Hi. Good morning. Thank you. Well, I'm just wondering, is there any kind of silver lining in terms of the weaker sales that you're seeing in season passes, especially in Tahoe, since that was coming more from perhaps some of the base being distracted by the fires and also the challenging weather? Because I would think that as things improve, and particularly if Tahoe has a good season and if Utah has a good season, would you see an uptick in at the window ticket sales?
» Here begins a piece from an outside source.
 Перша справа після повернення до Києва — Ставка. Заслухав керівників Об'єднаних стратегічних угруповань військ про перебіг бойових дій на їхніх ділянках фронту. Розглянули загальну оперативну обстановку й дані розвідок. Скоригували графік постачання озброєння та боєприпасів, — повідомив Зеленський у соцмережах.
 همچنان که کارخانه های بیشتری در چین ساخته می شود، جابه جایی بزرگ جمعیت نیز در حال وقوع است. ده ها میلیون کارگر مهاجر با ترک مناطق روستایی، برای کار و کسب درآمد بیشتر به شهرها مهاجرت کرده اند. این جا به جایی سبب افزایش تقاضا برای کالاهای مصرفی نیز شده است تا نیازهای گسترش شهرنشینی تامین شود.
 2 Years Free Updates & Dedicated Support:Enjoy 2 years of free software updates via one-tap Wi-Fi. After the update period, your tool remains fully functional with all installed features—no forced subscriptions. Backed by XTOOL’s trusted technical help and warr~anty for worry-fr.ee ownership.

Robert Katz -- Chief Executive Officer

Yeah. I think we absolutely see a relationship. And I think if you look back historically, you see that relationship between as we move people into season passes, we are pulling them out of that lift ticket window. And so, if we see lower growth, we can see those folks show up. A little bit of that depends upon what the conditions look like for the season. So, certainly, in a market right now like Colorado, I think it certainly bodes well for us to pick up incremental visitors and guests buying day lift tickets because the conditions are so strong. The reason why we do like moving people to season passes obviously takes some of that condition risk out of our results. But there's no doubt that I think if we see Tahoe -- and there is some positive news if you look on the weather front right now. Yeah. There's no doubt that if it improves over Christmas, then that's obviously an opportunity for us to get those guests and still get them up on the mountain.
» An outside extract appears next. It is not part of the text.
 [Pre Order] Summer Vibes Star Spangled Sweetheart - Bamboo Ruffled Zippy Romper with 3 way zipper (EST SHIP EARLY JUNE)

Felicia Hendrix -- Barclays Capital -- Analyst

Okay. Thanks. And then if we just look at your season pass sales as a whole, it seems like most of the regions generally were strong with the exception of the two that you called out. So, if you had to give us or if you could give us a big picture perspective -- I know this is tough, and you're not gonna quantify it. So, perhaps directionally, how much do you think just overall you're bumping up against competition or Ikon versus just the more fundamental factors like you mentioned, growing off of a higher base, bringing in lower frequency skiers, that sort of thing?

Robert Katz -- Chief Executive Officer

Yeah. I would say I think -- one is I would say we think Ikon's got a great product for the resorts that they have in that network. And I think that their entry has really helped, actually, the overall market. I think there is no doubt that they've brought greater awareness and I think helped carry the message around, "If you're going to ski, you should really consider a season pass." And I am sure there's no doubt that in certain spots that they may have had an impact on us. But I guess I would say that our results are much more a function of our own drivers than competitive dynamics.
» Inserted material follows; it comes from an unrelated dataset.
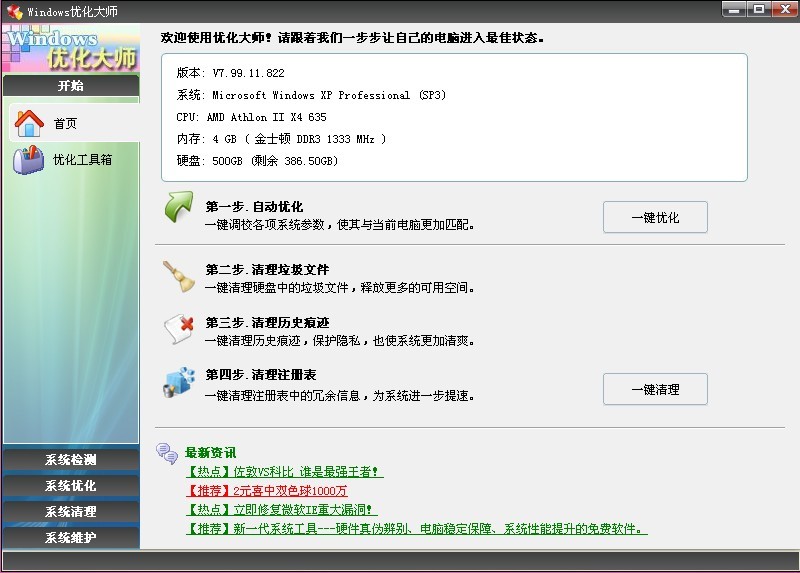 Windows優(yōu)化大師V7.99 Build 12.301 免費版|

We don't have perfect information on that. So, that's not an assessment that we have tremendous analytics on because we don't have all the data. But I would say when I look at all the different pieces across all of our different markets, yeah, this is much more about how we continue to broaden our program with that lower frequency [audio cuts out] How do we continue to get better at our marketing? All the things that have driven us in the past I think are ultimately at the center of how we drive results.

Felicia Hendrix -- Barclays Capital -- Analyst

Okay. That's helpful. And then just given your size now, should we look to season pass sales growth more in this range in the mid- to high-single-digit range on a go-forward basis?

Robert Katz -- Chief Executive Officer

Yeah. I guess we're not giving future guidance at this point. And we haven't in the past. But I guess I would say that we feel very confident in our ability to continue to broaden the program, to continue to move material percentages of our revenue from the lift ticket window to an advanced product to a season pass. We feel very confident in that. We felt confident in that going into this year I think. But there's no doubt that we're gonna be focused on how much revenue we're moving. The program will have to continue to innovate and to continue to be more sophisticated and targeted in terms of how we bring in additional folks. But that's actually why we build the marketing engine and approach that we have.

Felicia Hendrix -- Barclays Capital -- Analyst

Right. And then just final one for me just on Whistler. By what date or time do you need to see normal snow conditions there to meet your guidance?

Robert Katz -- Chief Executive Officer

I don't know that we can give a level of specificity on that because in part we've got multiple regions that'll all be moving on their own. So, I don't know that we can isolate one region out and say how it'll impact it. I do think there's plenty of opportunities still for Whistler to have a strong season. And obviously, Whistler does have a good chunk of business that's coming from outside of Canada. And so, a lot of those trips are booked already. And so, I think there's a real opportunity for a late fill-in for them. At this point, I would say more of an issue on just the early season results, a little bit of an impact on pass sales. But at this point, we're not making any assessments on Christmas because there's still plenty of time for that.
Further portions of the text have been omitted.